BEGIN Provided data
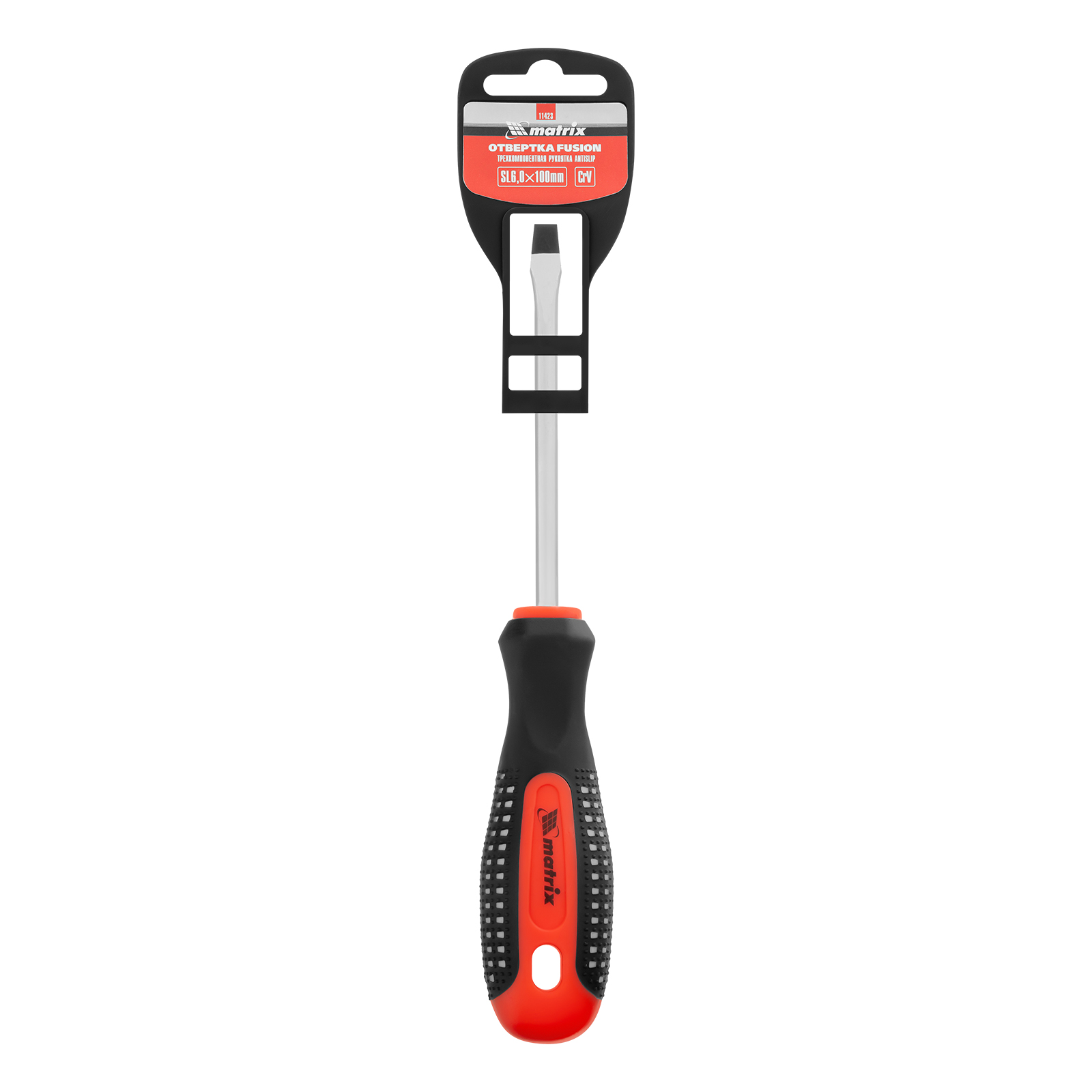 Отвертка Fusion, SL6 х 100 мм, CrV, трехкомпонентная рукоятка "Anti slip" Matrix в Москве
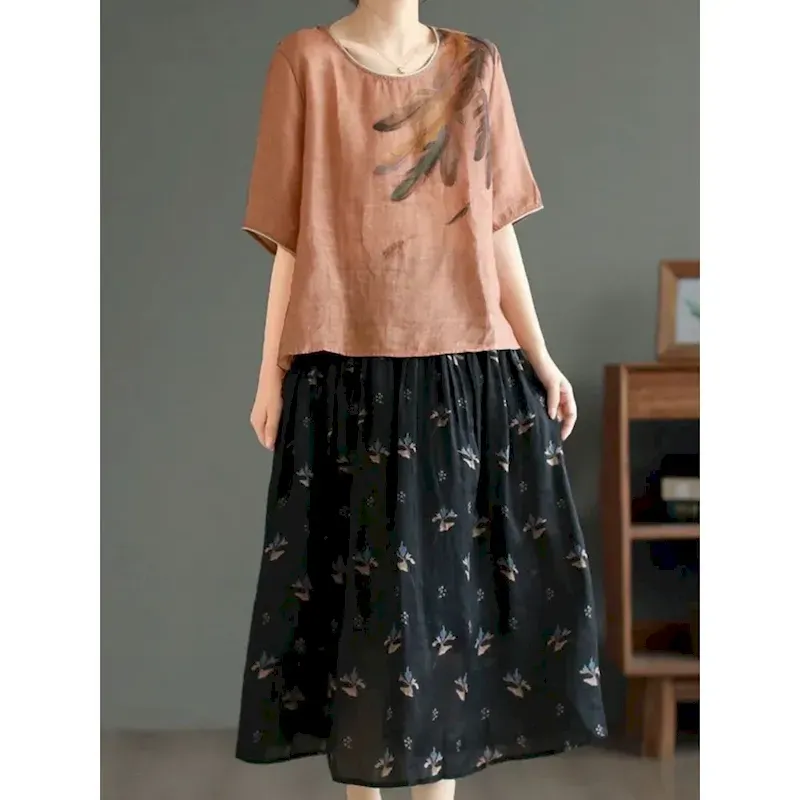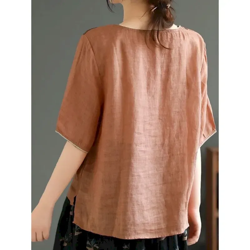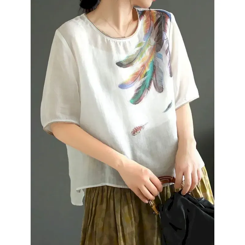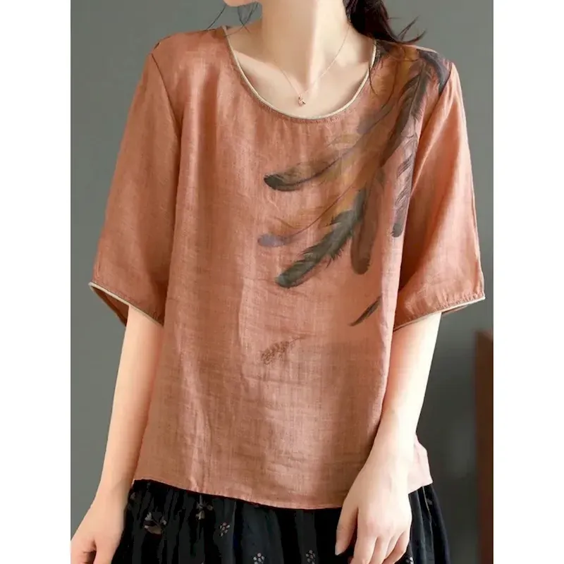 Womens-Shirt-Blouse-Cotton-Linen-Shirts-Feather-Basic-Casual-Half-Sleeve-Crew-Neck-Regular-Tops-Daily-Print-White-Pink-Green-Khaki-Summer-Spring-2025
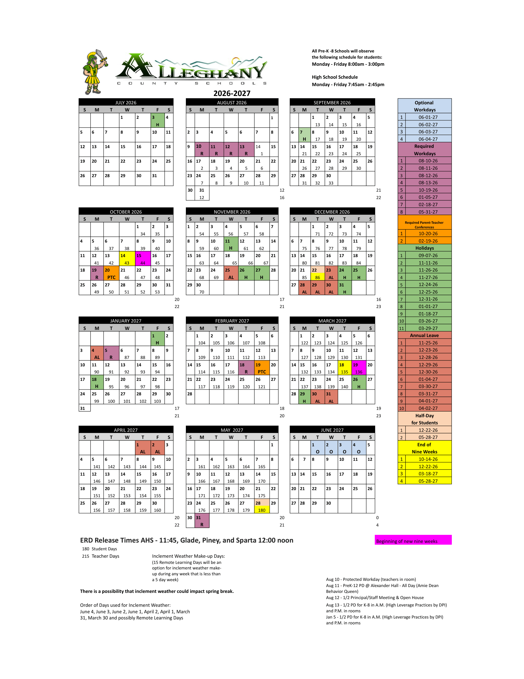 The Alleghany County Schools calendar for 2026-2027 includes a total of 180 student days.
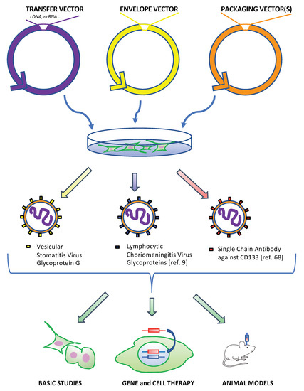 - Naldini, L.; Blömer, U.; Gallay, P.; Ory, D.; Mulligan, R.; Gage, F.H.; Verma, I.M.; Trono, D. In vivo gene delivery and stable transduction of nondividing cells by a lentiviral vector. Science 1996, 272, 263–267. [Google Scholar] [CrossRef]
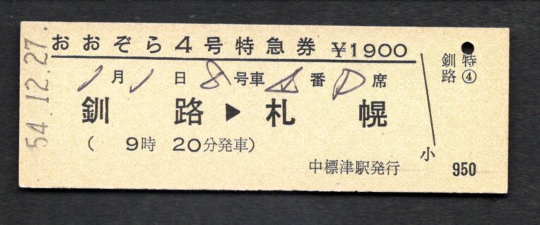 S54 おおぞら4号特急券(中標津駅)完全常備券
END Provided data
Your reply should be the full data above, copied exactly, with no pictures in it.

 Отвертка Fusion, SL6 х 100 мм, CrV, трехкомпонентная рукоятка "Anti slip" Matrix в Москве
 Womens-Shirt-Blouse-Cotton-Linen-Shirts-Feather-Basic-Casual-Half-Sleeve-Crew-Neck-Regular-Tops-Daily-Print-White-Pink-Green-Khaki-Summer-Spring-2025
 The Alleghany County Schools calendar for 2026-2027 includes a total of 180 student days.
 - Naldini, L.; Blömer, U.; Gallay, P.; Ory, D.; Mulligan, R.; Gage, F.H.; Verma, I.M.; Trono, D. In vivo gene delivery and stable transduction of nondividing cells by a lentiviral vector. Science 1996, 272, 263–267. [Google Scholar] [CrossRef]
 S54 おおぞら4号特急券(中標津駅)完全常備券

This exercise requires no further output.